O arranque oficial do Ano do Galo no zodíaco chinês acontece a 28 de janeiro e, como é tradição, já muitas foram as marcas internacionais que incluíram na sua oferta propostas alusivas. Todavia, os jovens consumidores chineses mostram-se cansados com a obsessão dos designers pelo animal, reclamando alternativas mais autênticas e verdadeiramente representativas da sua cultura.

Considerando que esta é uma das épocas mais lucrativas do ano para as marcas de luxo atingirem os consumidores chineses – uma das forças mais relevantes no consumo de luxo global –, os itens alusivos ao Ano do Galo podem ser encontrados em muitas montras, mas não estão livres de críticas, revela o The Independent.

Muitos millennials consideram as sugestões esteticamente ultrapassadas.

Em vez de elementos em vermelho e amarelo e com a figura do animal, este segmento privilegia representações mais autênticas e modernas da cultura chinesa.

No último desfile da Victoria’s Secret, por exemplo, quatro modelos chinesas integraram, pela primeira vez, o clã de “Anjos” oficiais. Ainda que a investida tenha sido popular, a marca de lingerie decidiu alinhar supermodelos com motivos de dragões na respetiva passerelle – Adriana Lima calçou botas amarelas e Kendall Jenner carregou asas fénix azuis – e rapidamente foi alvo de críticas online.

«Nem os corpos mais bonitos do mundo vão salvar estas roupas rústicas e com temas chineses ultrapassados», escreveu à data uma utilizadora na plataforma Sina Weibo, o equivalente do país à rede social Twitter.

Da bracelete de galo da Dior às propostas vermelho e dourado da Calvin Klein, os produtos luxuosos embebidos no tema estão a deixar os consumidores chineses desapontados.

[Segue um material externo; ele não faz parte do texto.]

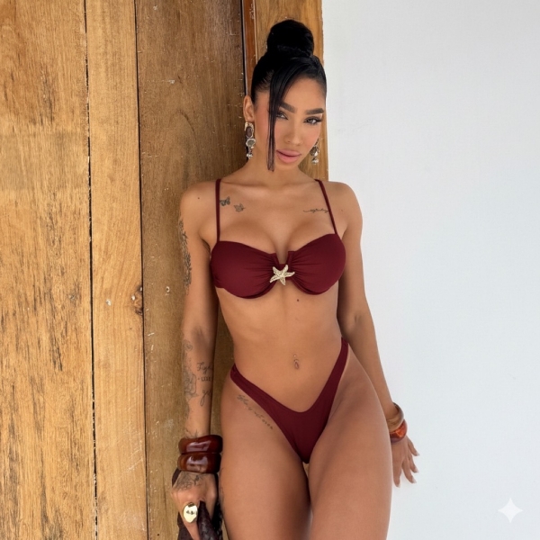 Este conjunto exclusivo de biquíni com saia traz sofisticação e elegância para os seus dias de verão. Com um design moderno e charmoso, o destaque do conjunto é o detalhe dourado em forma de estrela que agrega um toque especial à peça. Ideal para momentos de lazer na praia ou piscina, o biquíni tem ajuste confortável e a saia proporciona uma cobertura adicional, mantendo o estilo.
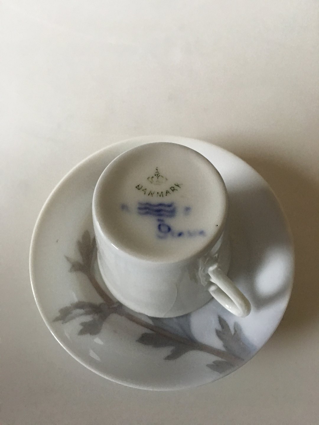 Royal Copenhagen Art Nouveau Mocha Cup and Saucer. The cup has to Hairlines and a chip. The saucer is in great condition. Cup measures 5.2 cm H. 5.8 cm dia.

Referindo-se à mochila com um galo bordado da MCM, um outro cibernauta escreveu que «o vermelho, o dourado e os signos do zodíaco são símbolos do Ano Novo Chinês, mas por que motivo acreditam as marcas que queremos carregar uma bolsa com um animal do zodíaco todo o ano?».

Outras ofertas incluem os cosméticos da gigante Estée Lauder, que colocou um galo dourado na sua edição limitada de pó compacto, enquanto a Dolce & Gabbana propôs um casaco com um galo em lantejoulas por 1.450 libras (aproximadamente 1.665 euros), disponibilizando ainda o modelo na linha de criança.

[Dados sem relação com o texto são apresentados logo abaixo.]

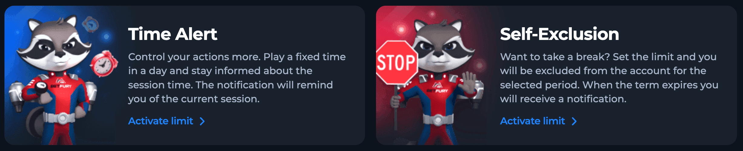 - Responsible Gambling: play while you feel the spirit of victory, don’t chase defeats, and take breaks for relaxation. Use the Responsible Gambling features – set limits or specify a time period for self-exclusion from the account.

Os analistas têm vindo a alertar para uma maior sofisticação e exigência no atual mercado chinês (ver China de olhos postos no futuro), por isso a capacidade das marcas de luxo integrarem de forma elegante e genuína os elementos chineses nos seus designs é um importante fator a considerar, como o é a opinião dos utilizadores locais nas redes sociais (ver Os antagonismos da China).